Kein Mensch könne einen muslimisch geputzten von einem christlich geputzten Kindergarten unterscheiden.

Hauptsache: Christlich
HUMANISTISCHE UNION kritisiert Einstell- und Beschäftigungsbedingungen der Kirchen

„Kein Mensch könne einen muslimisch geputzten von einem christlich geputzten Kindergarten unterscheiden“. Damit kritisierte Sophie Rieger, Vorsitzende des Landesverbands der HUMANISTISCHEN UNION Bayern, den Widerspruch der Leitung der Ev. Landeskirche in Bayern gegen einen Beschluß des ev. Kirchenvorstands von Gestungshausen, eine muslimische Türkin als Reinigungskraft für seinen Kindergarten einzustellen. Der Versuch des Kirchenvorstands von Gestungshausen, eine – in seinen Worten „engstirnige“ – Verordnung zu Gunsten einer andersgläubigen Ausländerin zu negieren, verdiene volle Anerkennung.
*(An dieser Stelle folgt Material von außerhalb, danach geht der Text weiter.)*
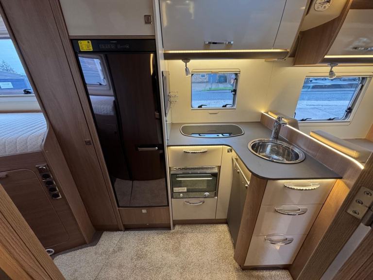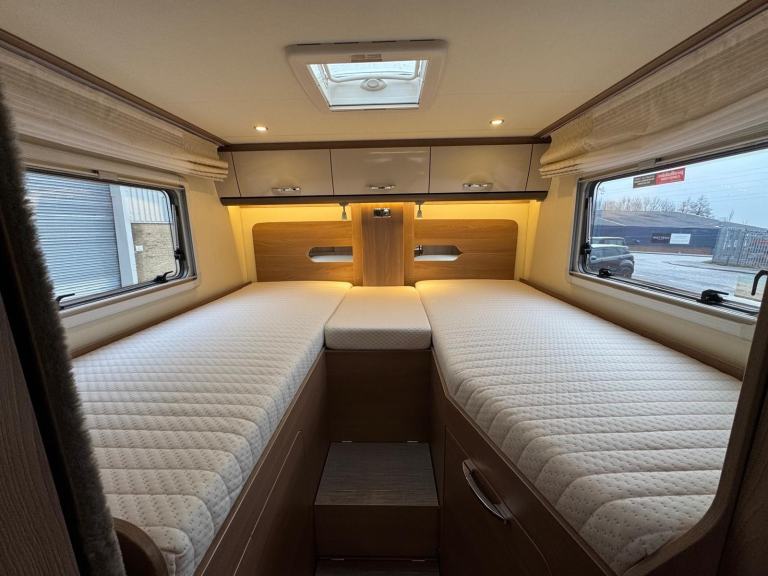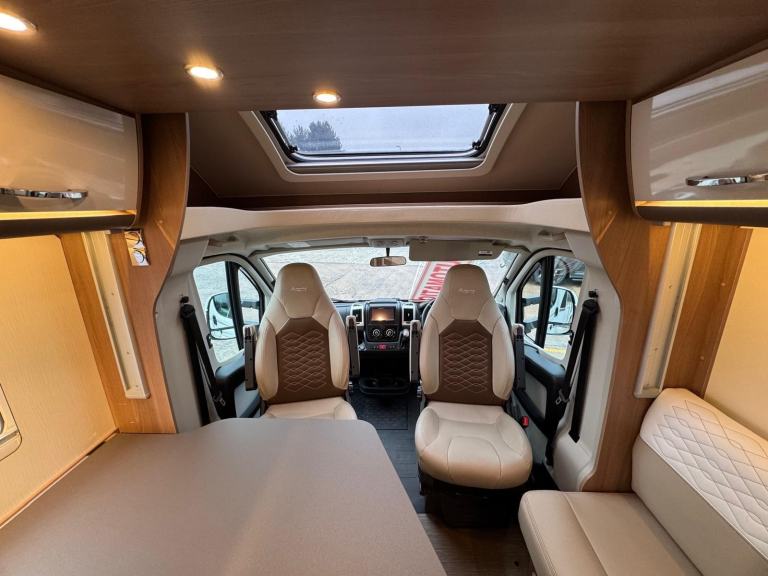 The interior is finished to a high standard with elegant upholstery, clever lighting and generous storage throughout. The well thought-out layout features fixed single beds to the rear of the van with large garage storage underneath accessible from both sides, central washroom with separate shower, flush toilet, sink and vanity unit, kitchen area equipped with hob, sink, oven with grill and full size fridge/freezer, front lounge area upholstered in beautiful cream leather creates a comfortable seating area ideal for relaxing and dining with the swivel cab seats providing additional seating, electric drop-down bed over the lounge area, 12/240V hook up, Truma heating system, Gas BBQ point, full length wind-out side awning, electric entrance step, TV ariel, solar panel, reverse camera, rear tow bar, DAB radio, cruise control,
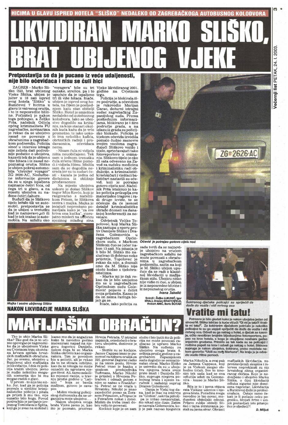 Vjeko Sliško, koji je slovio kao kralj poker automata i vođa jednog zagrebačkog kriminalnog klana, preživio je čak 4 atentata, metke u srce, pluća, bedrenu kost, kičmu, lakat i stopalo, no ne i metak Jamesa Cappiaua. Kada je tog 22. ožujka 2001. izašao iz svog stana u zagrebačkoj Bogovićevoj ulici, na Cvjetnom trgu, belgijski mu je legionar ispalio metak u čelo, a samo par minuta kasnije, Cappiaua je upucao Sliškov tjelohranitelj, Ivica Bertić. Atentat na Vjeku Sliška, bio je peti, a ujedno i posljednji u tom krvavom nizu. No, iako su mnogi tada vjerovali da je upravo ubojstvo Vjeke Sliška kraj krvave spirale mafijaških obračuna na zagrebačkom asfaltu, to je uvjerenje bilo kratkog vijeka. Krv je 2003. godine ponovo prolivena, također u Zagrebu, a žrtva je ponovo bio Sliško. Stariji brat ubijenog Vjeke, 52-godišnji Marko Sliško, ubijen je na današnji dan, 23. siječnja, nešto iza 18 sati, ispred svog hotela "Sliško", u Bunićevoj 7, na čijem je posljednjem katu i stan obitelji Sliško. S lica mjesta tada je detaljno izvještavala Večernjakova novinarka, Ivana Jakelić, a u članku koji je sačuvan u našoj arhivi navodi se kako je Sliško bio ustrijeljen iz vatrenog oružja, ubojica je u njega pucao iz neposredne blizine, a hici ispaljeni u glavu bili su kobni. Počinitelj je pobjegao, a uz automobil 'Chrysler Voyager', u krvi je ostalo ležati mrtvo tijelo Marka Sliška. Pretpostavljalo se da je ubijen u trenutku kad je namjeravao ući ili kada je tek izašao iz svog automobila.
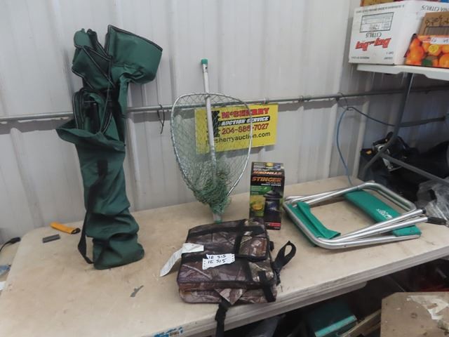 Folding Camping Chairs, Fishing Net, Bag, Zapper, Camo Padded Seat
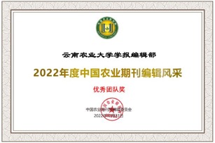 饮水思源,感恩奋进。诸多荣誉的获得离不开各位编委、专家、作者和读者的共同努力和鼎力支持!你我点点星光,汇聚璀璨星河。在此,衷心感谢所有专家的辛勤付出和无私奉献!未来,《云南农业大学学报》编辑部将继续深入学习贯彻党的二十大精神,聚焦国家科教兴国战略和乡村振兴战略,做好选题策划,追踪学科发展前沿,充分发挥《云南农业大学学报》在学术交流中的桥梁纽带作用,继续发扬爱岗敬业、开拓创新、锐意进取的职业精神,继续秉承创新发展、融合发展、引领学术创新、促进学术交流的发展理念,不断提升办刊水平和学术影响力,共同促进我国现代农业科技事业的进步。
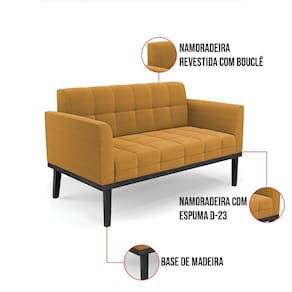 Namoradeira 2 Poltronas Base Madeira Fixa Pto Elisa Bouclê D03 - D`Rossi - Mostarda

Einstellungsrichtlinien, die für alle Arbeitsplätze in Einrichtungen kirchlicher Trägerschaft unterschiedslos die Zugehörigkeit zu einer christlichen Kirche fordern, seien diskriminierend und verletzten das Grundgesetz. Mit Verkündigung und Seelsorge sei nur ein Bruchteil der kirchlichen ArbeitnehmerInnen betraut, nur für sie gelte der Tendenzschutz. Die Leitung der Ev. Landeskirche werde aufgefordert, den Grundrechtsschutz und den Schutz des Arbeits- und Sozialrechts sicherzustellen und
ihre Einstell- und Beschäftigungsbedingungen entsprechend zu ändern.

Der Fall Gestungshausen – er ist nur der jüngste Fall einer langen Kette von Diskriminierungen von Angestellten caritativer Einrichtungen der Kirchen – veranlaßt die HUMANISTISCHE UNION, erneut an den Gesetzgeber zu appellieren, die gesetzlichen Grundlagen für einen Grundrechtsschutz der Angestellten des Arbeitgeber Kirche zu schaffen.